Especialistas em ética persuadiram a comunidade científica a adiar a manipulação genómica de


embriões por enquanto, argumentando que ainda não sabemos o suficiente para fazer mudanças
com segurança que podem ser passadas para as gerações futuras, particularmente no que diz
respeito a fins não-terapêuticos. Neste cenário, os pais podem escolher uma variedade de opções
para seus filhos ainda não nascidos, desde traços estéticos, como a cor do cabelo ou dos olhos, e até
dispõe da possibilidade de dotar os seus filhos de maior capacidade intelectual ou atlética.

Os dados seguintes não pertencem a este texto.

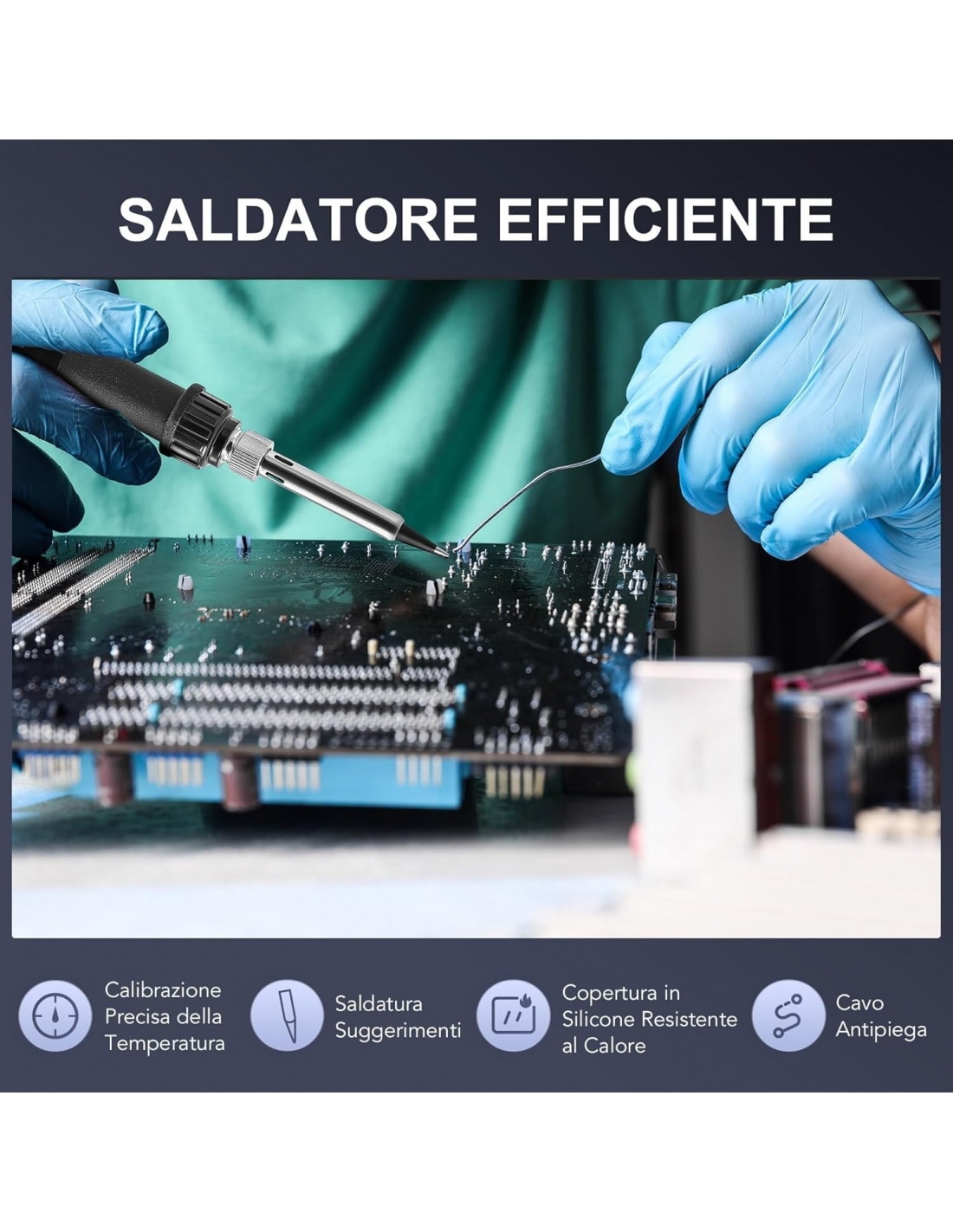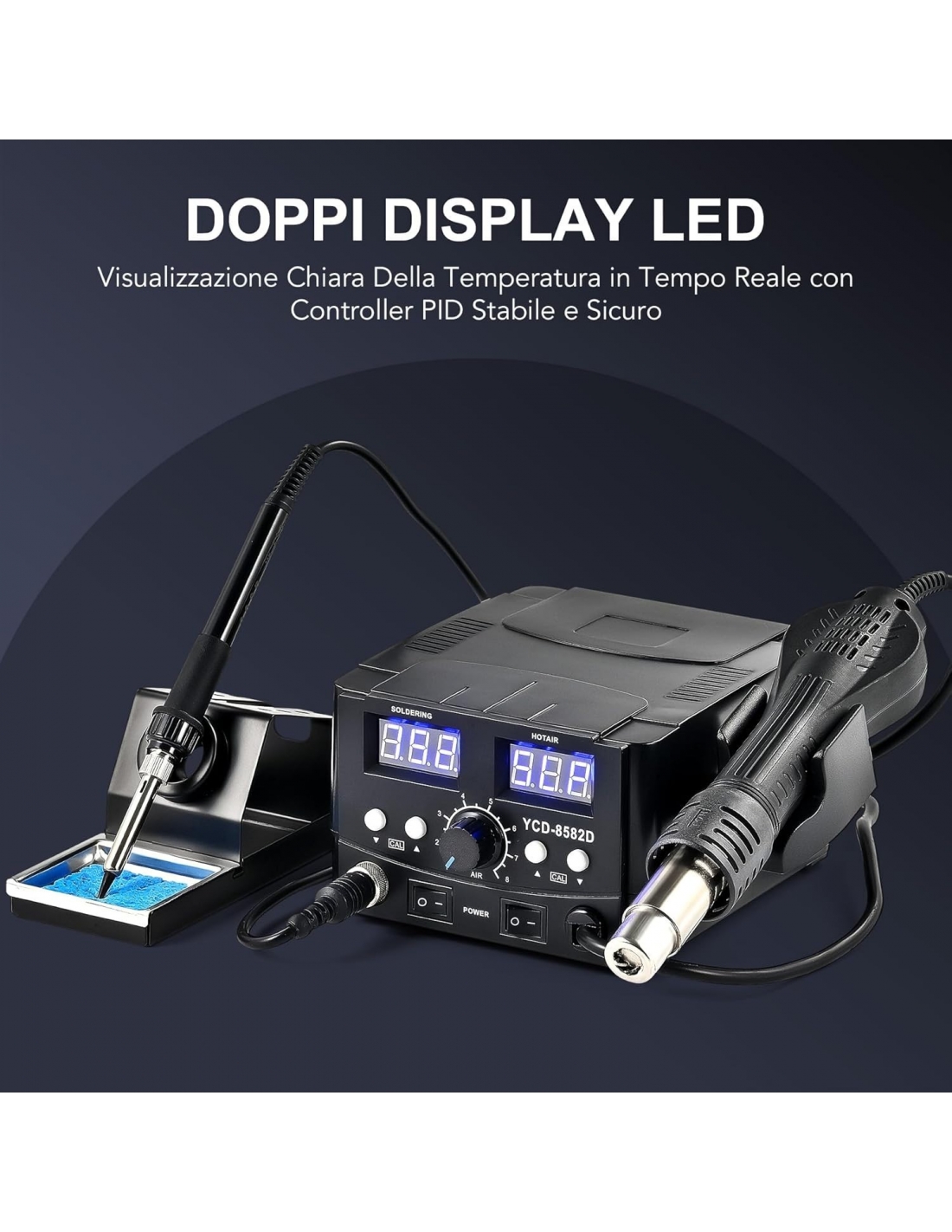 - La temperatura può essere regolata per essere più accurata utilizzando il pulsante del volume con doppio controllo. I doppi schermi a LED mostrano separatamente la temperatura del saldatore e della saldatura ad aria calda.
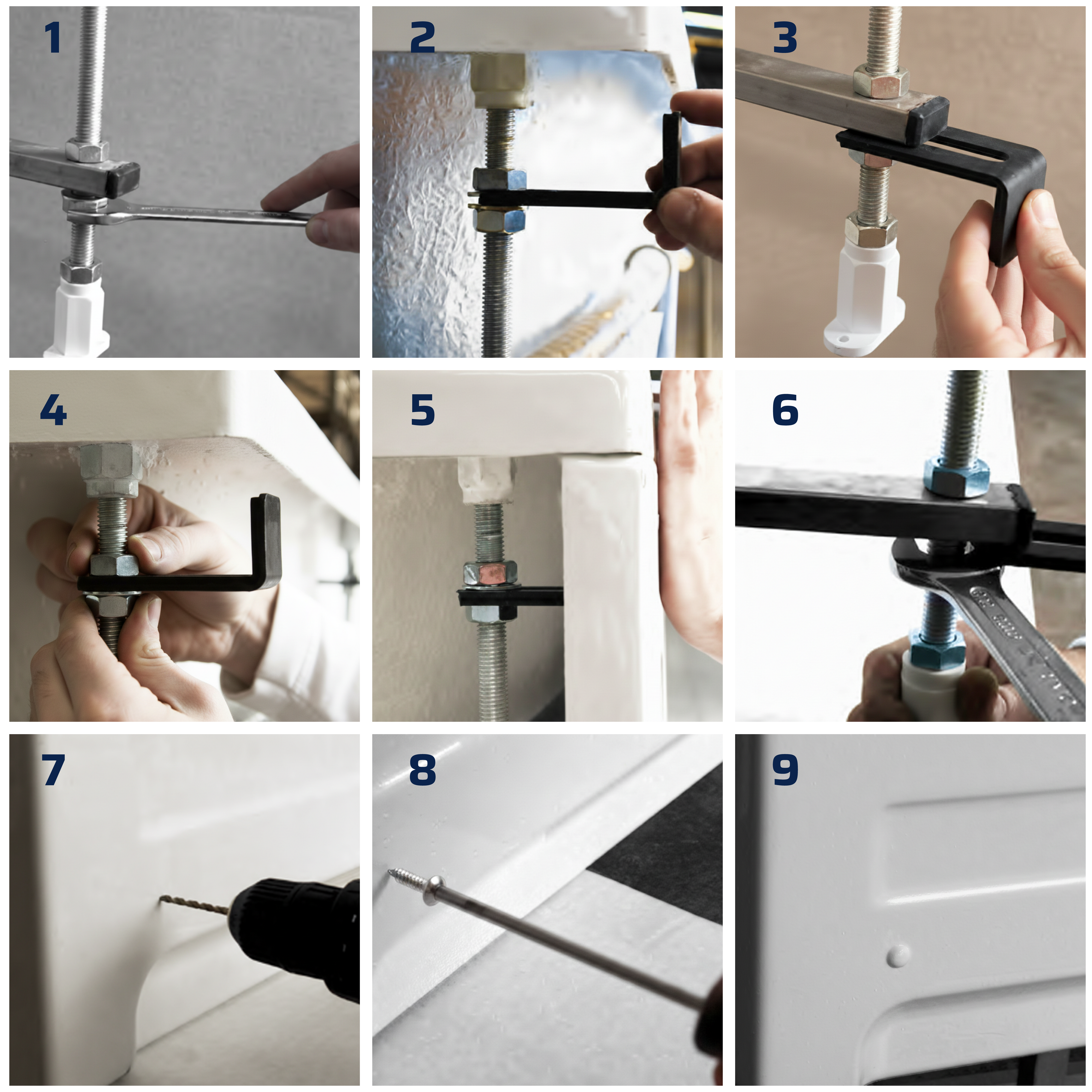 - Situar estos soportes entre la estructura y la arandela con el ala hacia abajo. (Nota: Dejar los soportes 0,5 cm hacia fuera de la pestaña para ajuste posterior).

Na mente de muitos filósofos e teólogos, a ideia de “crianças projetadas” aproxima-se demasiado do


conceito de eugenia – um movimento filosófico do século 19 e início do século 20 para criar pessoas
melhores. A eugenia acabou por inspirar leis de esterilização forçada em vários países e, mais
notoriamente, esteve na base do assassinato de milhões de pessoas pela Alemanha nazi em nome
da promoção da pureza racial. Etimologicamente, eugenia significa “o bem-nascido" e pressupõe um
melhoramento genético das próximas gerações através da relação das heranças genéticas
pretendidas. Tal como a supremacia nazi pretendia “purificar” a raça ariana excluindo da sociedade
alemã indivíduos com características distintas, teme-se uma repetição da segregação da 2ª Guerra
Mundial.

“Apesar de toda sua tolice e ignorância, o movimento eugenista do século XX nasceu da aspiração
por aprimorar a humanidade, ou promover o bem-estar coletivo de sociedades inteiras. A eugenia
liberal se exime de tais ambições coletivas. Não é um movimento de reforma social, mas uma forma
de pais privilegiados terem o tipo de filho que desejam e armá-los para o sucesso numa sociedade
competitiva” (SANDEL, 2013, p. 89)

Michael Sandel, filósofo e professor da Harvard university, adota uma postura bioconservadora ou
preservacionista da natureza humana. Argumenta que se o envolvimento da sociedade na
adulteração genética resultar em violações da liberdade dos indivíduos, assiste-se à deteorização
acentuada dos sistemas de valores humanos. É comum dizer que o melhoramento genético, a
clonagem e a engenharia genética ameaçam a dignidade humana, porém persiste algo de
moralmente inquietante em discernir como essas técnicas reduzem a nossa humanidade. Acrescenta
ainda que um dos principais problemas é a perda do carácter de dádiva da vida. Até que ponto a
melhoria genética em atletas de alta competição não resultaria na desvalorização das conquistas
humanas, na medida em que retira do esforço e do talento do atleta o mérito da conquista e o
transfere para os responsáveis pelo melhoramento proporcionador do desempenho vencedor.